Earth.Org has modelled what mild and extreme flooding events could look like in the Maldives’ most populous island, Malé by 2100 under a high emissions scenario as a call for awareness.
Sea level rise projections by 2100 for two scenarios with the amount of rise in meters indicated (mild = 1m; extreme = 3m). Population displacement indicated bottom right.
Methodology
Global mean sea level is projected to rise by 2m at the end of this century. However, in order to determine local sea level rise (SLR), one has to take into account local coastal flood levels which could be 2.8m above Mean Higher-High Water (MHHW) at extreme forecasts. These local levels bring variability to the projected SLR from 1m to 6.5m (eg. Rio vs Kolkata).

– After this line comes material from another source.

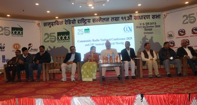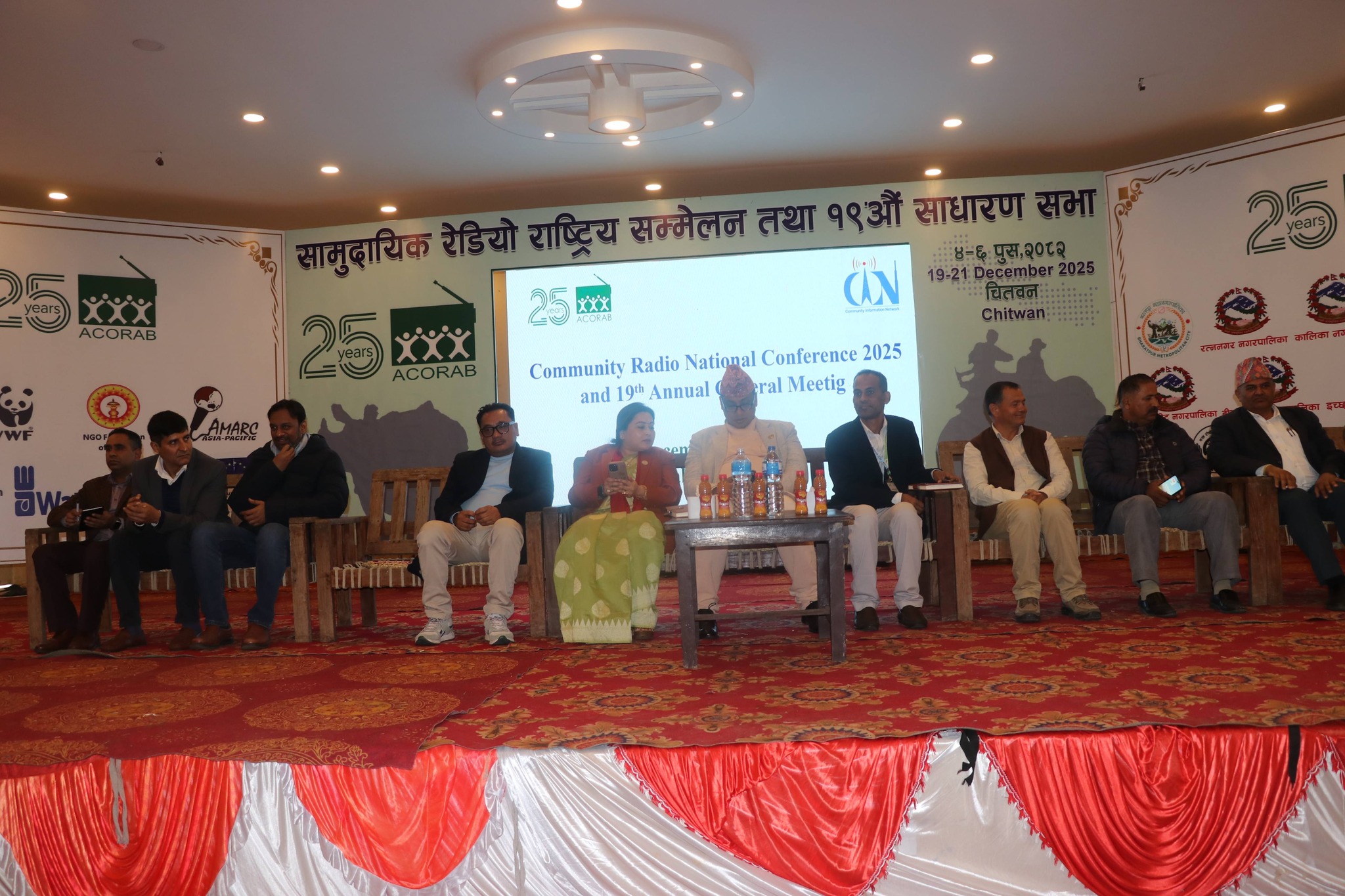 सामुदायिक रेडियो प्रसारक संघ ९अकोराब० नेपालको १९ औँ साधारण सभा तथा सामुदायिक रेडियो राष्ट्रिय सम्मेलन सौराहा घोषणा पत्र– जारी गर्दै सम्पन्न भएको छ । चितवन जिल्लाको सौराहामा पुस ४ र ५ मा सम्पन्न सामुदायिक रेडियो प्रसारक संघ ९अकोराब० नेपालको १९ औँ साधारण सभा तथा सामुदायिक रेडियो राष्ट्रिय सम्मेलन पश्चात् जारी सौराहा घोषणा पत्र मार्फत संकटमा परेका सामुदायिक रेडियोलाई सहयोग गर्न सरकारसँग माग गरिएको छ । देशभरका सामुदायिक रेडियोका प्रसारक एवं सञ्चालकहरूले नागरिकलाई सत्य तथ्य समाचार तथा जानकारी प्रसारण गर्न प्रतिबद्धता व्यक्त गर्दै अभिव्यक्ति स्वतन्त्रता र आवाजविहिनहरुको आवाजका लागि नागरिकको सूचनाको हकको संरक्षण र सम्बद्र्धन, लोकतन्त्र, मानवअधिकार र बहुलवाद आत्मसाथ गर्दै, आत्मसम्मान सहितको जीवनशैली, भाषा, संस्कृति संरक्षण गर्दै, हानिकारक परम्परागत अभ्यासको अन्त्य गरी पारदर्शिता र जबाफदेहिता अभिवृद्धि गर्न सहयोग गर्दै सामाजिक रूपान्तरणका क्षेत्रहरूमा क्रियाशील हुँदै, सामुदायिक रेडियोहरूले वर्तमान समयमा सामना गर्नु परेका आर्थिक तथा नीतिगत चुनौतीको सम्बोधन एवं डिजिटल क्षेत्रले ल्याएका चुनौतीलाई सामना गर्दै त्यसलाई अवसरको रूपमा उपयोग गर्ने प्रतिवद्धता व्यक्त गर्दै बिभिन्न माग सहित सौराहा घोषणा पत्र जारी गरेका हुन् । प्रसारकहरुले सङ्गीत रोयल्टीको नाममा गैर कानुनी तवरबाट सामुदायिक रेडियोलाई उच्च आर्थिक दबाब पर्ने गरिएको व्यवस्थाको खारेजको माग गरेका छन् । सङ्घीय र प्रदेश सरकारले गरेको व्यवस्था झैँ स्थानीय सरकारले पनि जिल्लामा रहेका सामुदायिक रेडियोहरू सूचीकृत गरी समानुपातिक ढङ्गले लोककल्याणकारी विज्ञापन वितरण गर्ने नीतिगत व्यवस्थाका लागि माग गरेका छन् । घोषणा पत्र यसैसाथ संलग्न गरिएको छ ।

The SLR scenarios used in this study are based on the forecasts from Climate Central – Coastal Risk Screening Tool with the following parameters:
- Sea level Projection Source
- Coastal Flood Level
- Pollution Scenario
- Luck
Sea level Projection Source
From two highly cited journals by Kopp et al., estimating SLR mainly due to ocean thermal expansion and ice melt. The mid-range scenario projected 0.5-1.2m of SLR based on different representative concentration pathways (RCP) defined by the IPCC. While the pessimistic scenario added more mechanisms of ice-sheet melting, estimating SLR at 1m-2.5m in 2100, with a projection of 10m SLR at 2300.
Coastal Flooding
More frequent coastal flooding is a direct impact of sea-level rise. Based on the Global tides and surge reanalysis by Muis et al., (2016), it is estimated that the extreme coastal water level could be from 0.2 – 2.8m over the mean level. While in extreme cases like China and the Netherlands it could experience 5-10m of extreme sea levels. Here, the coastal local flood level is added on top of the projected SLR.
Pollution Scenario
Allows choosing the RCP, the greenhouse gas concentration trajectory defined by the IPCC. The mild level is based on RCP4.5, of 2°C temperature rise; while the Extreme level is based on RCP 8.5, of 4°C temperature rise.
Luck
Applies to the baseline SLR, defined in the “Sea level projection” section, upon which we add flooding. “Mild” refers to the mid-range scenario of 0.5-1.2m, and “extreme” to the pessimistic scenario of 1-2.5m. We used the high-end value of each scenario (mild = 1m; extreme = 2.5m).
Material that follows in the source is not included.